So, we got a few inches of snow finally. And I had to go out and run some errands. Noticed some sliding when stopping but nothing too bad, but when I stopped at one place, I happened to look at my tracks in the snow and they were very faint. So, just now I did the old toonie tread test, and the tread only goes about 2/3 up the word DOLLAR, which according to what I read, means about 4 or 5/32. Am I correct in thinking this is less than ideal, considering winter just started here?! I have less than 40K on them and bought them in July, 2016. I have been rereading the reviews, and while favorable reviews outweigh the bad ones by a lot, quite a few folks saw premature wear. And I can't find any tread warranty on this model, although I will call Crappy Tire after I have my mechanic double check with his tire tread gizmo.... So maybe I have to go looking for some good used winter tires after all. :crying:


----------



## otomodo (May 23, 2008)

molly said:


> So, we got a few inches of snow finally. And I had to go out and run some errands. Noticed some sliding when stopping but nothing too bad, but when I stopped at one place, I happened to look at my tracks in the snow and they were very faint. So, just now I did the old toonie tread test, and the tread only goes about 2/3 up the word DOLLAR, which according to what I read, means about 4 or 5/32. Am I correct in thinking this is less than ideal, considering winter just started here?! I have less than 40K on them and bought them in July, 2016. I have been rereading the reviews, and while favorable reviews outweigh the bad ones by a lot, quite a few folks saw premature wear. And I can't find any tread warranty on this model, although I will call Crappy Tire after I have my mechanic double check with his tire tread gizmo.... So maybe I have to go looking for some good used winter tires after all. :crying:


Do tou see the warners near the top of the thread?


----------



## molly (Oct 31, 2014)

otomodo said:


> Do tou see the warners near the top of the thread?
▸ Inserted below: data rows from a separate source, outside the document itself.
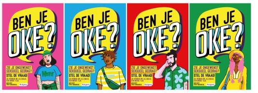 De campagneboodschap is neutraal: Zie je ongewenst seksueel gedrag? Vraag dan aan degene die het overkomt: ‘Ben je oké?’ Op de bijbehorende campagnewebsite www.benjeoke.nl staan filmpjes die laten zien hoe je ongewenst seksueel gedrag bespreekt als je het ziet én hoe je vervolgens omgaat met de reactie van de ander. Hier kan iedereen door het uploaden van zijn foto laten weten je veilig uitgaan belangrijk vindt en die vervolgens te delen op Instagram en Snapchat. Zo maken we samen duidelijk dat het oké is om ongewenst seksueel gedrag te bespreken.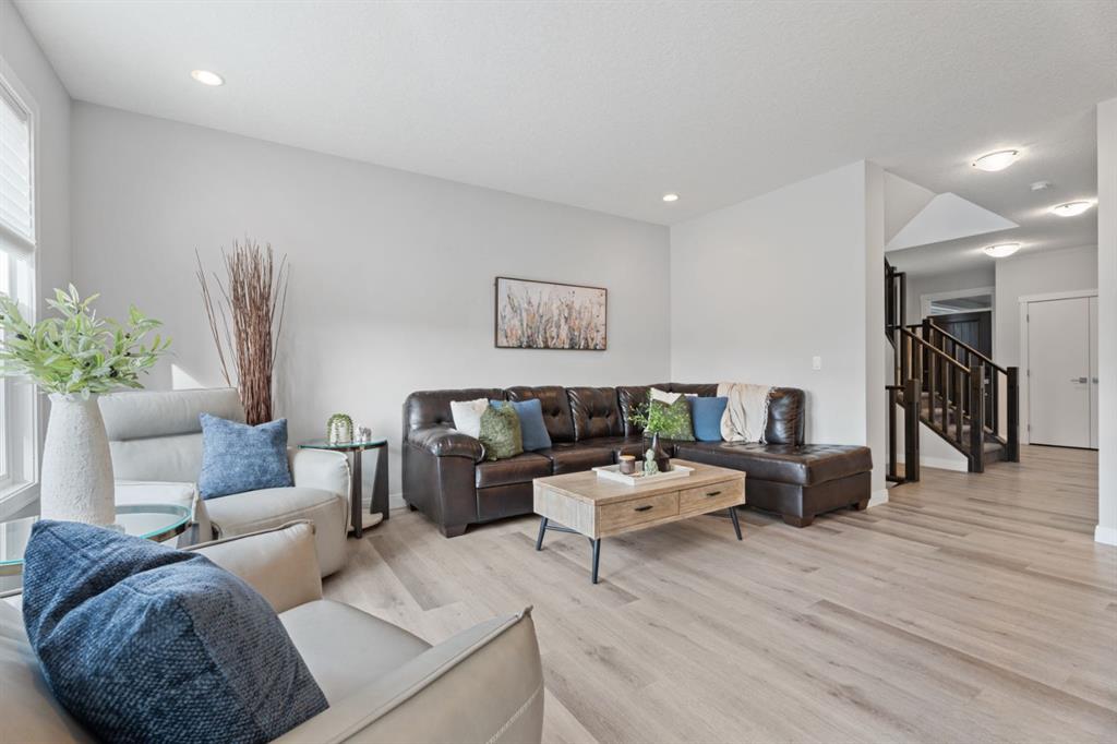 Discover the charm of valley living in Cranston’s highly sought after Riverstone community. With direct access to Fish Creek Park, the Bow River, endless walking paths, and tranquil surroundings, this elevated lifestyle is truly unique to Calgary. Backing onto a green space and pathway with quick access to a park and playground, this fully developed family home is designed for comfort and connection. Step into the welcoming front foyer with high ceilings and abundant natural light. The main level features durable vinyl plank flooring in neutral tones, creating a modern and inviting feel throughout. The kitchen is a showstopper, with a designer tile backsplash, statement hood fan, gas cooktop, built in oven and microwave, two toned quartz countertops, and upgraded cabinetry. A spacious walkthrough pantry with room for a second fridge or freezer connects to the mudroom, offering practical access to the garage and a conveniently located powder room. Upstairs, the primary suite is a private retreat complete with a lovely ensuite featuring a soaker tub, dual sinks, a walk in tiled shower, and a generous walk in closet. Two additional bedrooms, a full bathroom, upper laundry, and a bonus room round out the second floor. The fully finished basement extends the living space with a large rec room, fourth bedroom, full bathroom, and plenty of storage. Central A/C ensures year round comfort. Enjoy the outdoors in your large backyard with a spacious deck, large storage shed and backing directly onto a pathway that leads to the nearby playground. The community is designed to take advantage of the natural topography: ridges, escarpments, river valley- offering views and green space throughout. Check out the virtual tour!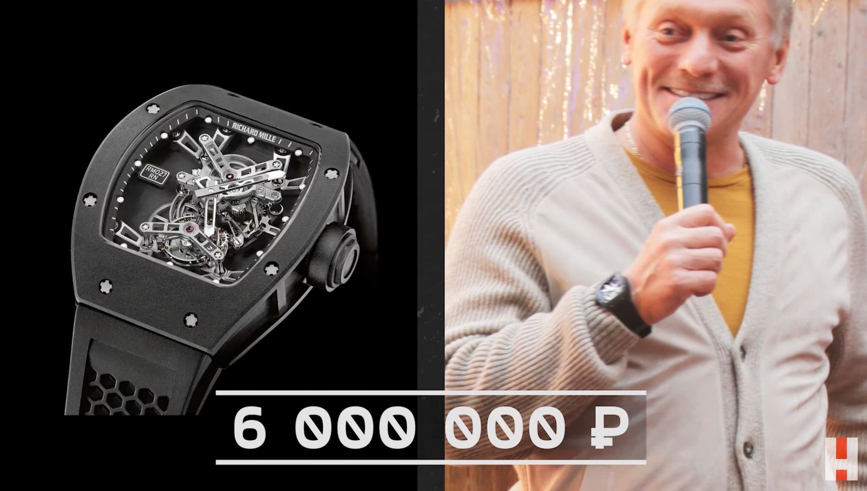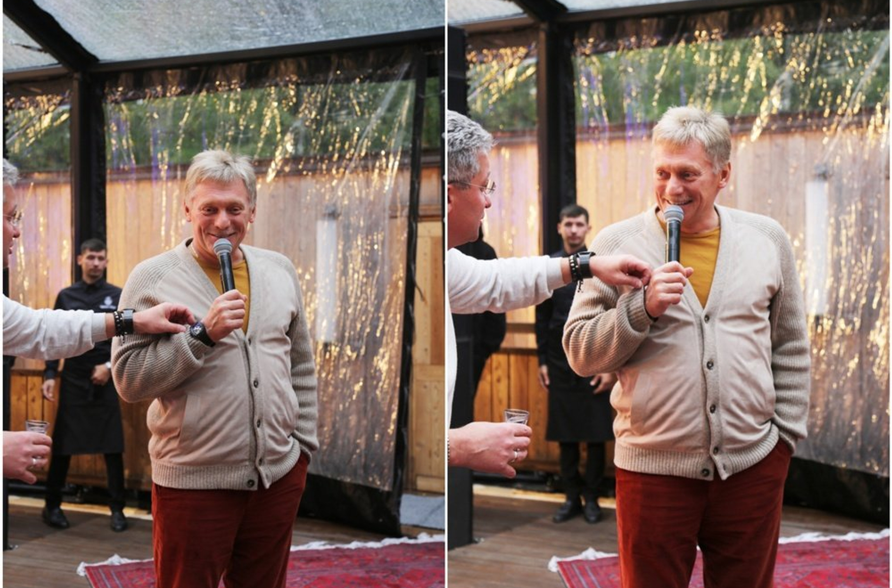 На дне рождения в 2021 году пресс-секретарь произнес тост и поздравил Иванову. При этом на руке у него были видны часы за 6 млн рублей — это половина дохода Пескова за год. На втором кадре видно, как замминистра обороны прикрывает дорогой аксессуар, натягивая кардиган Пескова на часы.
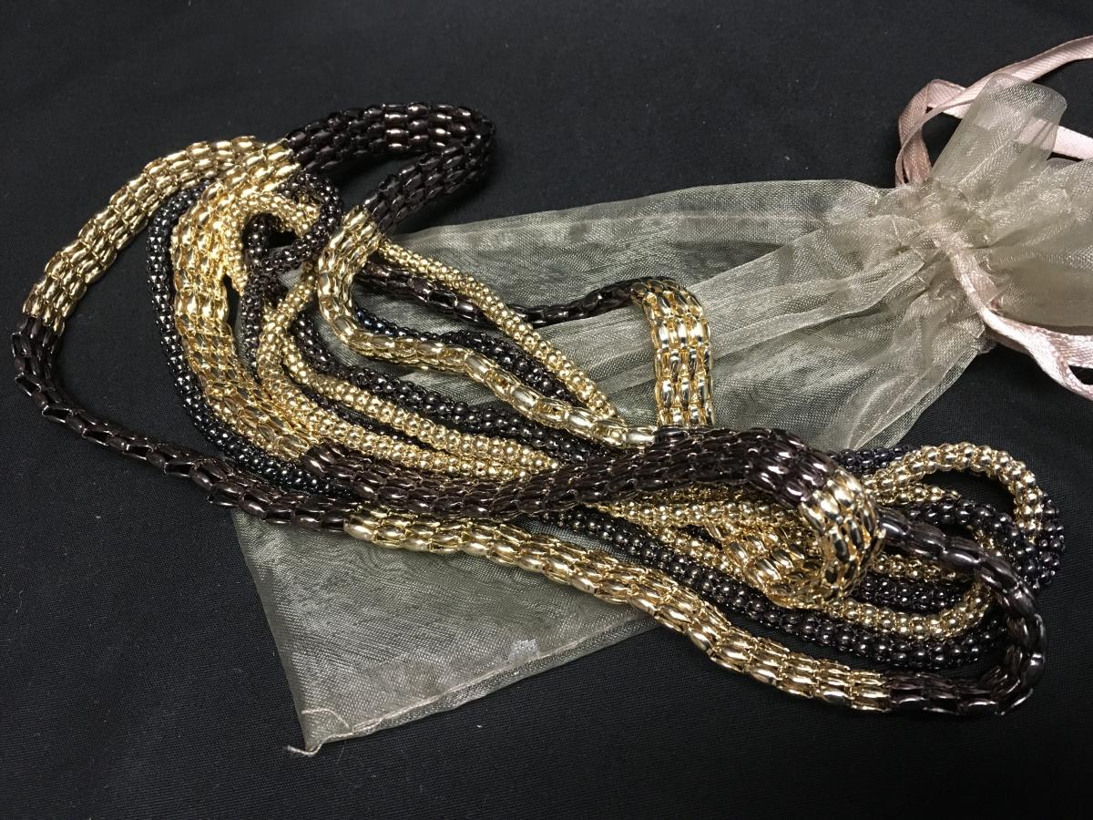 Brown & Gold Mesh Three Necklace

Not sure where to look exactly...


----------



## otomodo (May 23, 2008)

molly said:


> Not sure where to look exactly...


Here


----------



## tonyvancity (Jan 2, 2017)

and 



 or 



 ,,,,, or Molly, read my previous tire comment on the AT3 Coopers i bought last year for my Xtrail. Excellent tires, no need for a set of all seasons and another set of snow tires. These are Lite Truck tires, all weather/summer/snow...the tread does not wear out fast in summer like a snow tire, it is not noisy like snow tires or off road tires...smooth ride, great in rain, i used them in last years snow and in the late spring snow storm in vancouver. We had dry cold powder snow, then rain/icy rock hard snow...anywhere from few inches to a foot of snow. My cost was about $140 or so per tire.....


----------



## molly (Oct 31, 2014)

tonyvancity said:


> ,,,,, or Molly, read my previous tire comment on the AT3 Coopers i bought last year for my Xtrail. Excellent tires, no need for a set of all seasons and another set of snow tires. These are Lite Truck tires, all weather/summer/snow...the tread does not wear out fast in summer like a snow tire, it is not noisy like snow tires or off road tires...smooth ride, great in rain, i used them in last years snow and in the late spring snow storm in vancouver. We had dry cold powder snow, then rain/icy rock hard snow...anywhere from few inches to a foot of snow. My cost was about $140 or so per tire.....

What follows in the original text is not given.